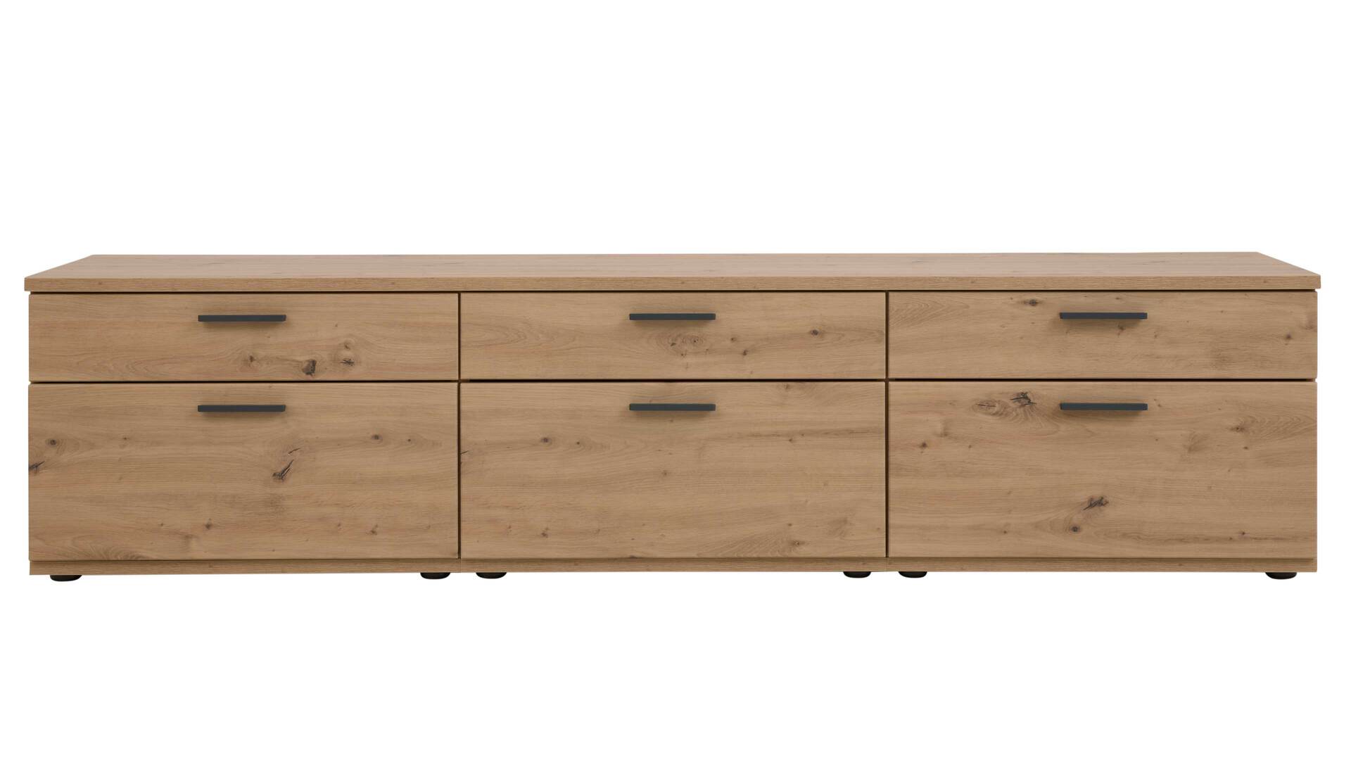 • Lowboard-Kombination LT135.642: Drei Einzelelemente mit je einer Schublade und einem Auszug – geeignet für TV-Geräte bis 65 Zoll. Maße je ca. 135 x 55 x 45 cm (BxHxT)
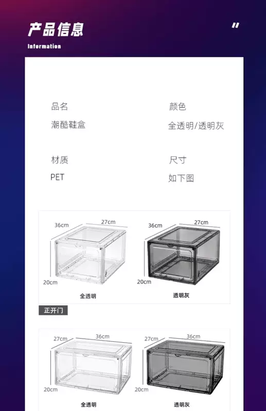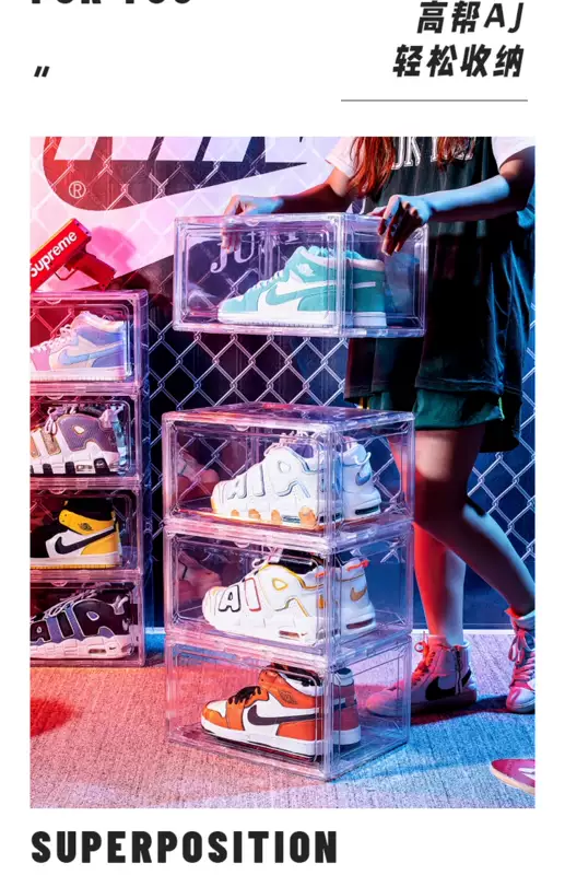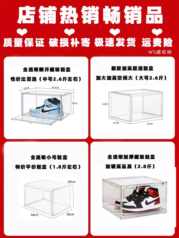 Yusenyi Transparent Acrylic Shoe Box Storage Box Transparent Flip Magnetic Side-Opening Shoe Cabinet AJ Sneaker Storage Display Box (Super Transparent Large Side-Opening Shoe Box) 10 Pack (Super Transparent Large Side-Opening Shoe Box) 10 Pack 36x27x20cm 36 pcs 36x27x20cm
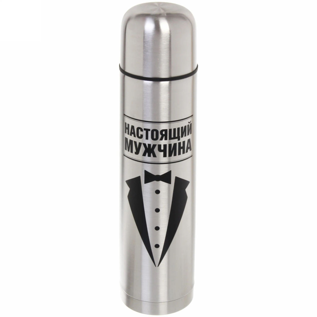 Термос с металлической колбой 1000 мл"Настоящий мужчина" Серп и молот­
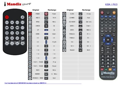 Accueil > Marques > Télécommandes KODA > Télécommande pour KODA IP915 > Répartition interactive des touches KODA IP915
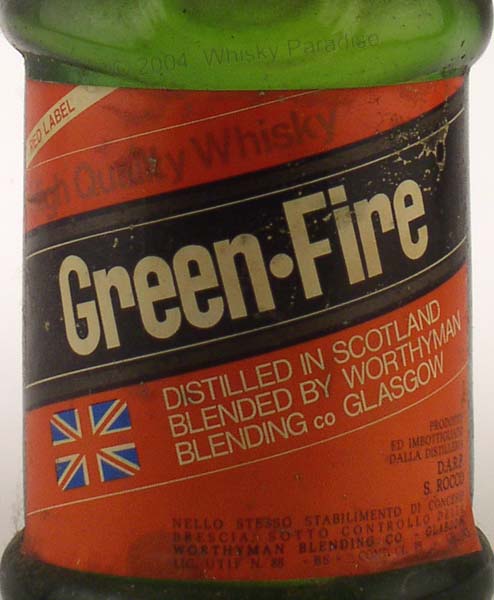 Green glass - Dumpy bottle with large squat shoulder & base - Red label with black diagonal stripe - Black cap - Blob seal
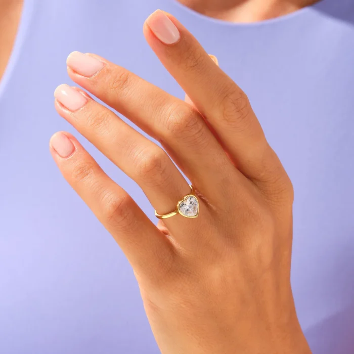 This 14K solid gold engagement ring features a heart-shaped moissanite diamond in a secure bezel setting—offering sweet elegance and radiant charm.
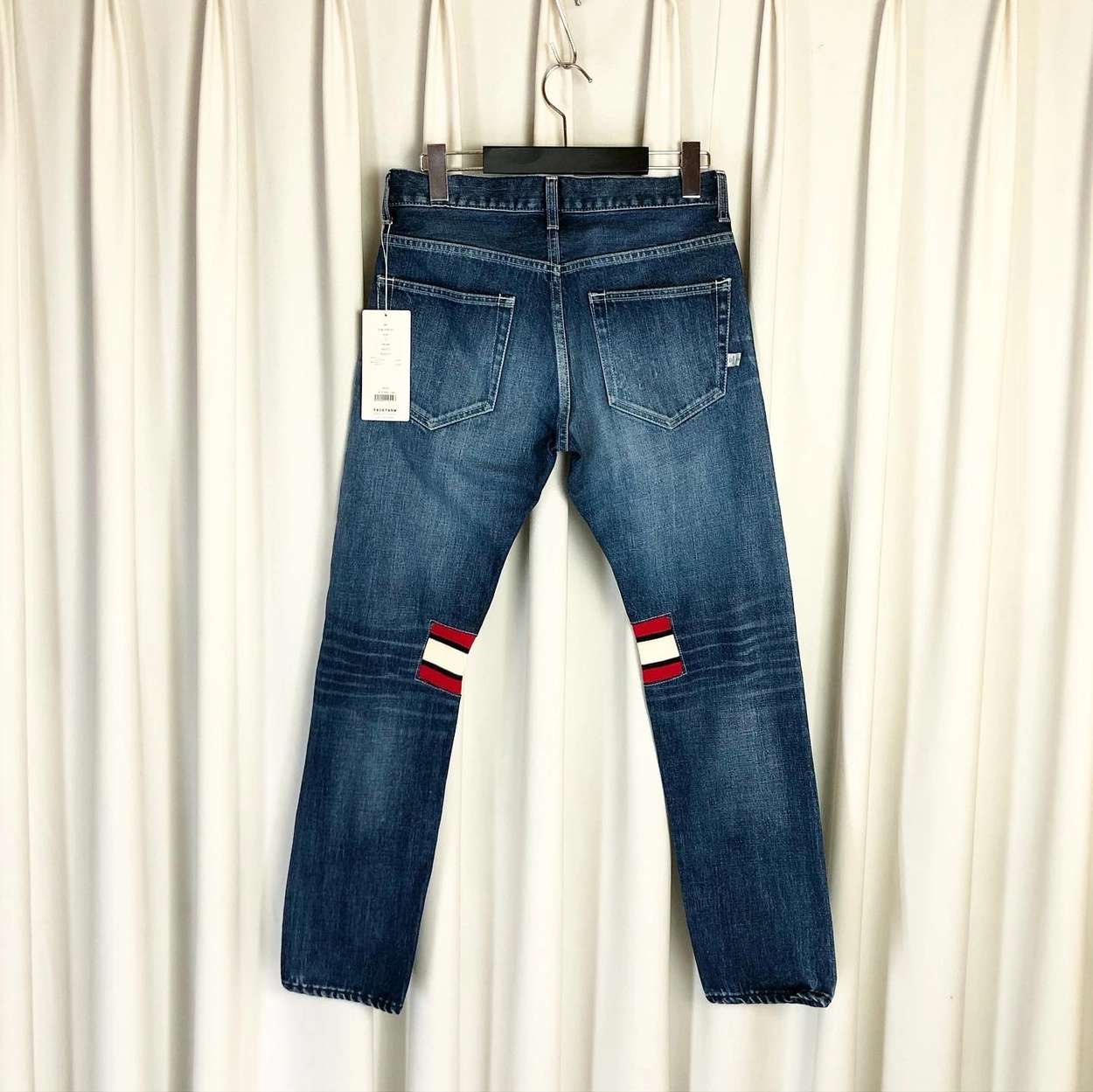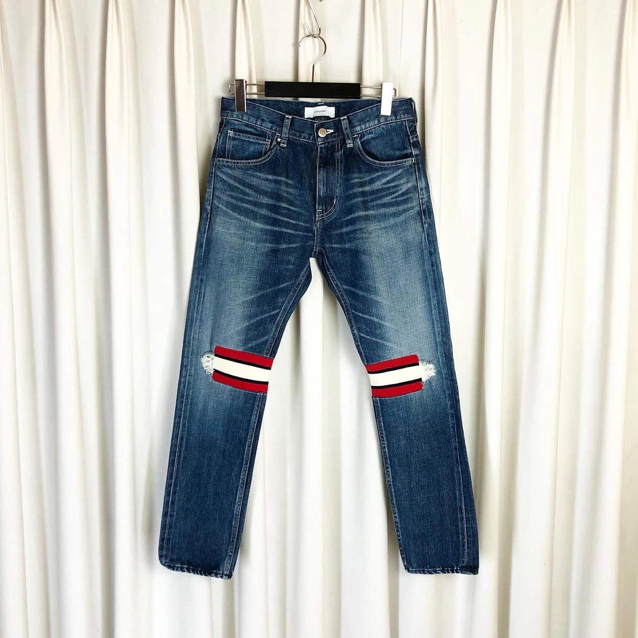 Blue washed jeans slim fit + signature rib details on knees

§ **ABOUT THIS EXERCISE**: Could you restate exactly the lines from the line containing "Green glass - Dumpy" through the end of the listing, both ends included and nothing else, leaving the images out?

§ **COMPLETED TASK**:
 Green glass - Dumpy bottle with large squat shoulder & base - Red label with black diagonal stripe - Black cap - Blob seal
 This 14K solid gold engagement ring features a heart-shaped moissanite diamond in a secure bezel setting—offering sweet elegance and radiant charm.
 Blue washed jeans slim fit + signature rib details on knees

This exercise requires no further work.